Completely absorbed in his contemplation, the first man did not look when a second one stopped near us, in front of a carefully carved Apollo. Maybe he was looking for some solace in the pagan god, since he was pallid, and his bones looked as if they were trying to come out of his skin under his long beard. His skeletal fingers were running, pen in hand, on a small notebook he had taken out of his pocket. This man was a true living dead, he seemed to come from the most remote place of the earth in quest of some comfort among the phantoms of the past. His writing frenzy must have excited the first man for he started:
—I see, sir, that you are in search for inspiration.
—In search?

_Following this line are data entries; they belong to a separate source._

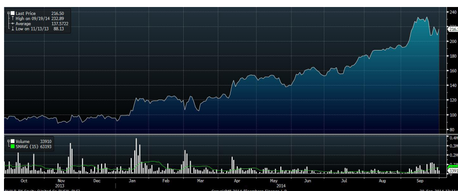
Рис.4 Динамика акций «РУСАЛа» за год

В начале минувшей недели слабо выглядели бумаги «РУСАЛа». Во вторник они снизились более чем на 8%. ВЭБ нуждается в средствах, и возможен обратный выкуп эмитентом акций «РУСАЛа» по цене приобретения (22.9 млрд рублей). ВЭБ приобретал акции на IPO в Гонконге с надеждой заработать на этом вложении, но с января 2010 года получил 12 млрд бумажного убытка. О договоренностях ВЭБа и «РУСАЛа» неизвестно, но возможно, они действительно предусматривают обратный выкуп бумаг, считают аналитики ИГ «Норд-Капитал».
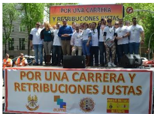
12.05.2018. Concentración por "Una carrera y retribuciones justas", organizado por AUME-ATME-AMTM-UMT
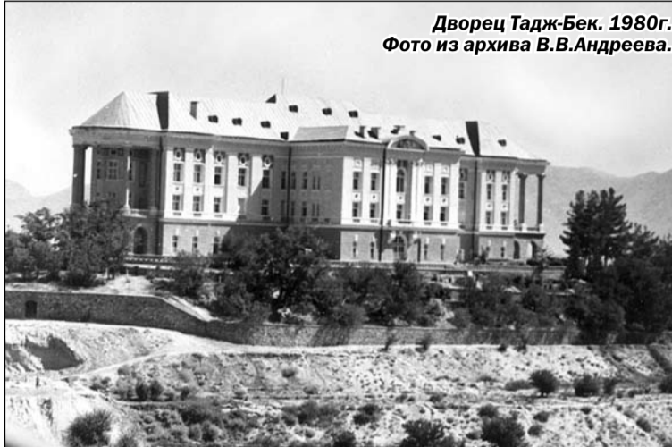
Дворец Таж-Бек. 1980г.
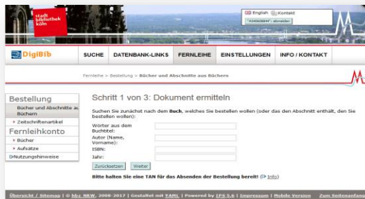
Screenshot: Fernleihe der Stadtbibliothek Köln

weitere Details zur Bestellung werden abgefragt; Eingabe der persönlichen Daten und der Fernleih-TAN .
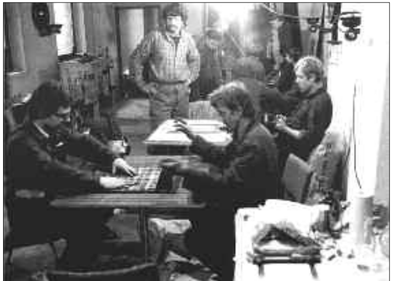
Drukarnia w stoczni gdańskiej, za „Dni tworzyli - Solidarność“ fot. Zbigniew Trybek

domościami, wiadomościami wierszami, z piosenkami. Te piosenki stały się potem przebojami, i niektóre do dziś można przy okazji usłyszeć, np. „Nie mam teraz czasu dla Ciebie” (piosenka dla córki). To wszystko tworzyło się na „gorąco”, natychmiast było powielane w prymitywnej stoczniowej drukarni i rozdawane ludziom. Przygotowane były też teksty do wysyłki w teren: do Gdyni, do Tczewa, do innych zakładów. Jak wyglądało to drukowanie, miałam okazję szczęśliwie zobaczyć. Pewnego dnia ludzie tuż przy bramie (po stoczniowej stronie) rozmawiali, że w drukarni brakuje oleju słonecznikowego. Spytałam tylko, czy dobrze usłyszałam, i natychmiast wyruszyłam do miasta. Weszłam do pierwszego z brzegu sklepu. Był to SAM, w którym były puste półki, a cały personel wyraźnie się nudził. Podeszłam
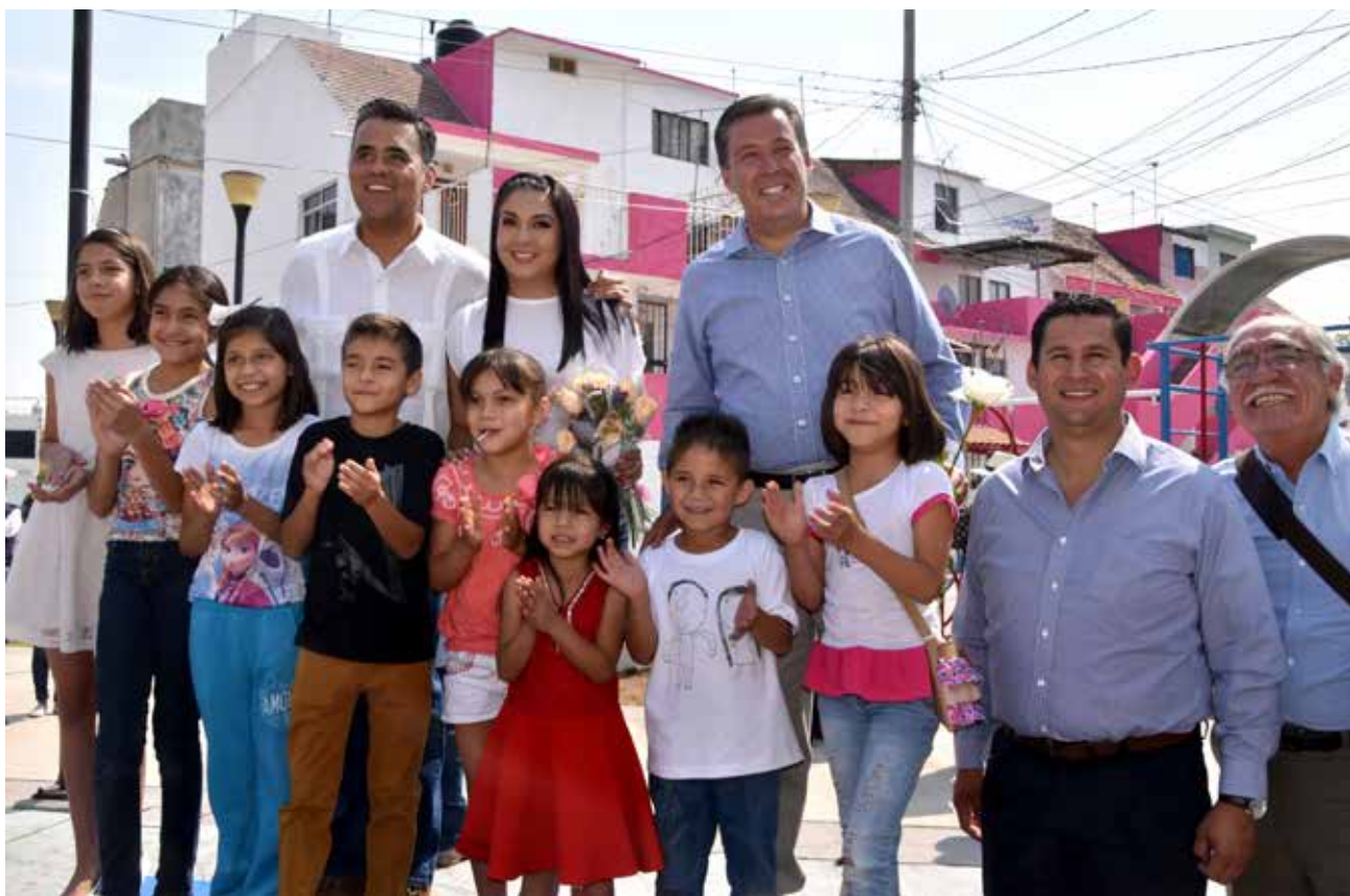
Arranque del Programa "Pinta tu Entorno", Col. Infonavit 1
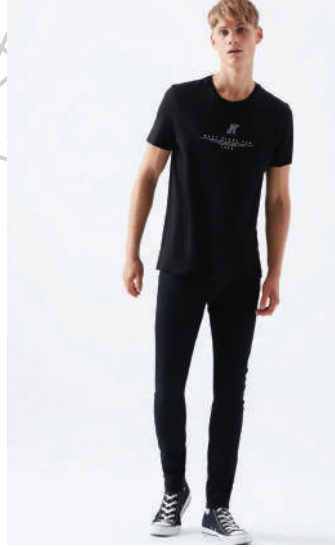
Denim Pantolon Mavi Ürünü İncele
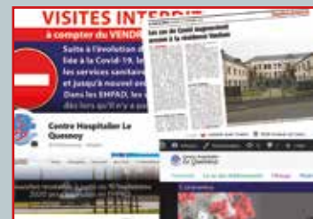
Gouvernance et crise sanitaire
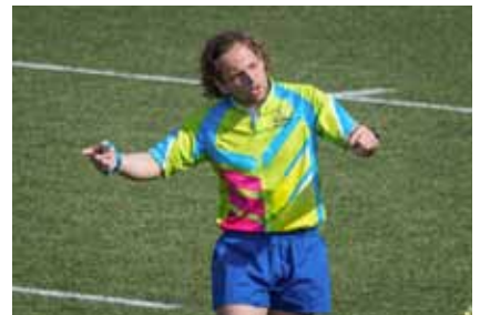
«Арбитр года» — Георгий Копп
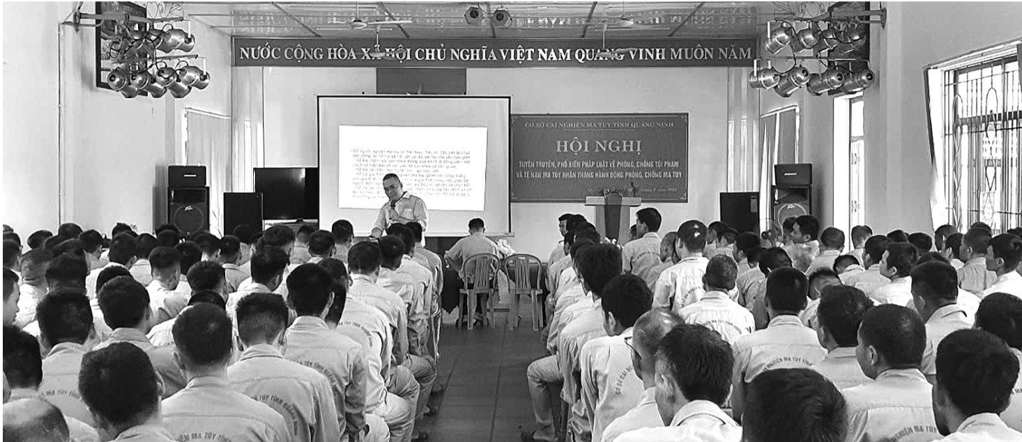
● Cơ sở Cai nghiện ma túy Quảng Ninh tổ chức các chuyên đề về bổ trợ kiến thức pháp luật cho các học viên, góp phần làm giảm tỷ lệ tội phạm và vi phạm pháp luật trong cộng đồng.
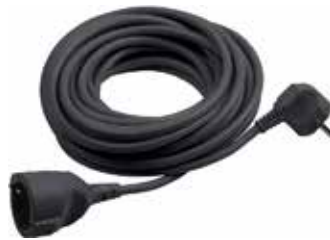
Stromanschluss Schuko 230V / 10A
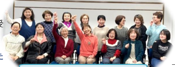
コーラス講座の皆さん 毎月第1・第3土曜日 9時30分~11時30分

大柿厚生文化センター主催事業のコーラス講座と、ペン・毛筆細字講座が4月よりスタートしました。受講生の皆さんは講師の指導を受けながら、それぞれの講座で熱心に取り組まれています。
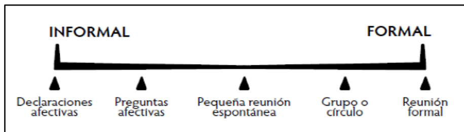
Figura 1. Espectro de prácticas restaurativas
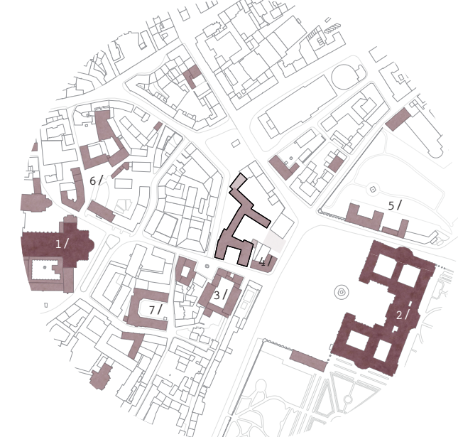
/ Denkmalgeschützte Gebäude
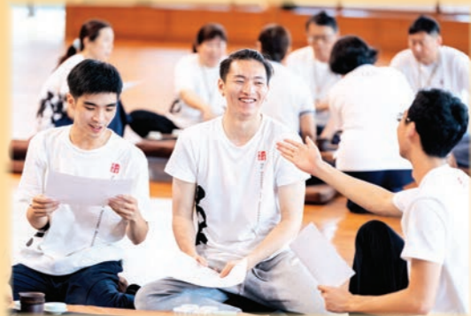
▲法鼓文理學院的茶禪活動，北美青年從公案中，體驗禪法的意趣。

6月28日，40位北美青年來到臺灣，展開一連七天的法鼓山巡禮。從天南寺、農禪寺、齋明寺，到總本山，北美青年有哪些感受和體驗？本期邀請學子們來分享這趟心旅程。
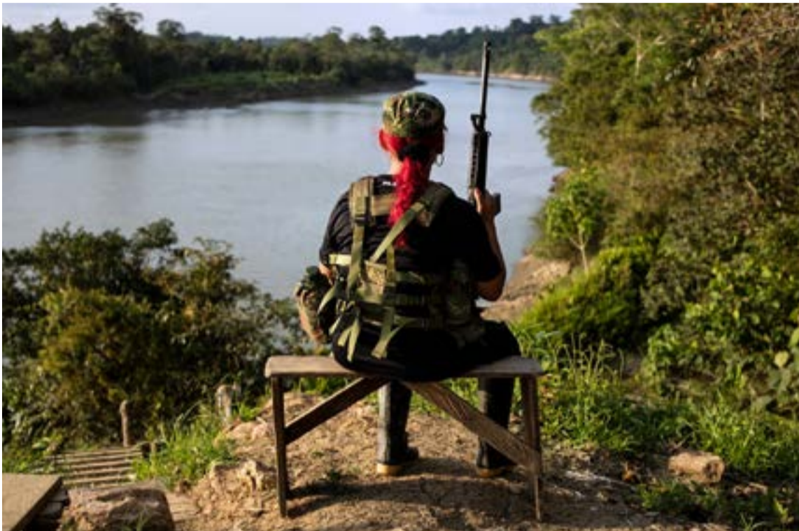
La pobreza y la guerrilla en el Pacífico colombiano

El acceso al mar convierte a Chocó y el Valle del Cauca (especialmente Buenaventura) en corredores vitales para el tráfico de drogas y armas:
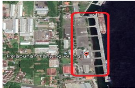
Gambar 1 Dermaga Umum Pelabuhan Tanjung Wangi

Berdasarkan tujuan studi yang ingin dicapai, adapun langkah-langkah yang dilakukan sebagai berikut :
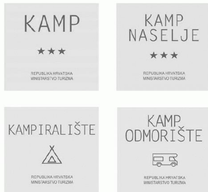
Slika 3. Klasifikacija kampova

Kod kategorizacije kampova i kamp naselja gledaju se karakteristike kao što su: uređenje, oprema, uređaji, usluge, održavanje i ostalo. Uz navedeno, za kamp naselja se još gledaju i Propisi za vrstu objekta koja se još nalazi u kamp naselju. Također, uz gore spomenute karakteristike, kampovi i kamp naselja za pojedinu kategoriju trebaju ispuniti propisani bodovni prag koji se odnosi na: ekologiju, sport i rekreaciju, animaciju te na ugostiteljske, trgovačke i ostale sadržaje. (NN, broj 138/06, čl. 14, st.2, 2024)
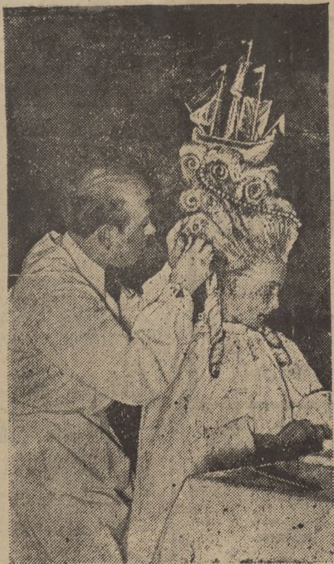
En Berlín se ha celebrado un concurso de peinados, al que asistieron infinidad de artistas peluqueros. La foto representa uno de los modelos presentados en este concurso, denominado «Fragata»
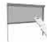
Zip curtain system
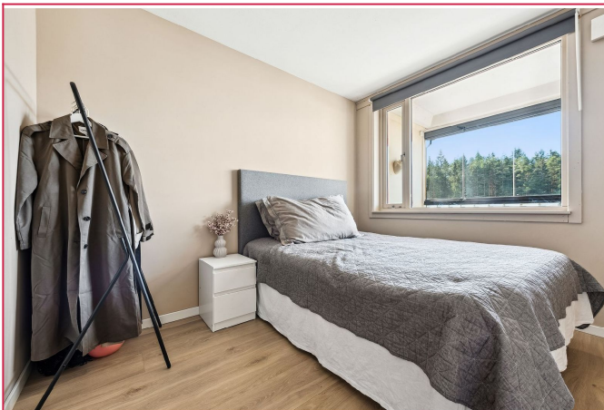
Boligen består av tre lyse soverom.
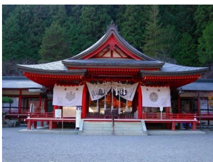
金峰山信仰 (御嶽信仰) の中心神社金櫻神社
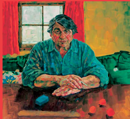
Peter Turrini, Acryl auf Hartfaser, 1997
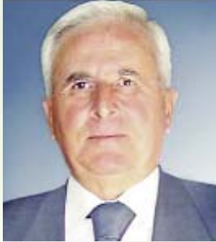
Του Βασίλη Θεοδοράκου Προέδρου της Ανωτάτης Συνομοσπονδίας Πολυτέκνων Ελλάδος (ΑΣΠΕ)
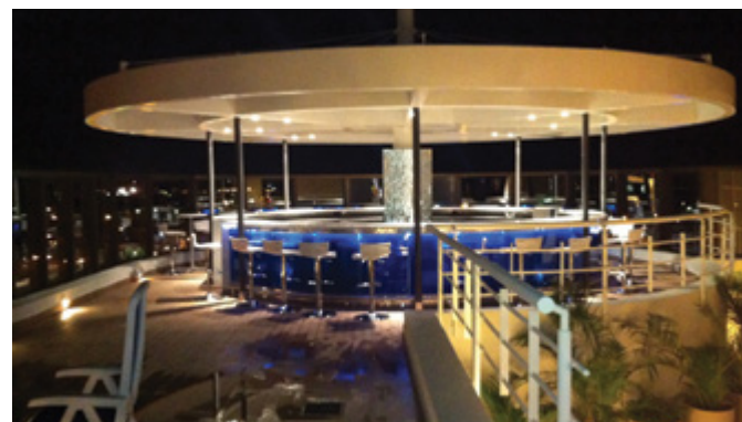
HOTEL BOURBON (2012)

Bar construido en el sector de la terraza de Hotel utilizando una estructura metálica en forma de sombrilla.

No, inspiration is a volatile muse that one ought to grip when she passes nearby. I always have a notebook at hand for such end.
—Ah, yes, I sometimes grapple with the white page myself, and I come here to find in the company of those fallen deities some insight on our current world. Their most fascinating aspect lies in the fact that they were once the masters of the universe, and that today they are little more than characters of folklore. Isn’t interesting that those gods are not revered today?
—Well, why would they be? The Ancients who followed them were in the wrong, weren’t they? The bests of them rest in Dante’s first circle of Hell, which, when you consider it, is not such a terrible fate for irremediably lost sheep.
—I see my good sir that you “have not yet heard anything of this, that God is dead!” (Nietzsche, “Thus Spoke Zarathoustra” 124).
—How can you utter such words without shivering of shame? Tell me, how can God be dead if his power suffuses all around us?
—Sheer illusions! People tamely drink the poison of falsities pouring from that Book they so revere.
—And I believe you, sir, possess a higher truth then…. Take care, for in following that path more than one has drowned in the filthy waters of their morbid self-admiration! (Dostoyevsky 293).
—And what, if I may ask, would be the sin in being more preoccupied by my palpable true self rather than by what you call God? What you perceive as a downfall represents for me the apex of one’s aspirations. Great is the one who looks at himself and finds within him the power to justify his life. Who is God, sir, to tell you who or what you are?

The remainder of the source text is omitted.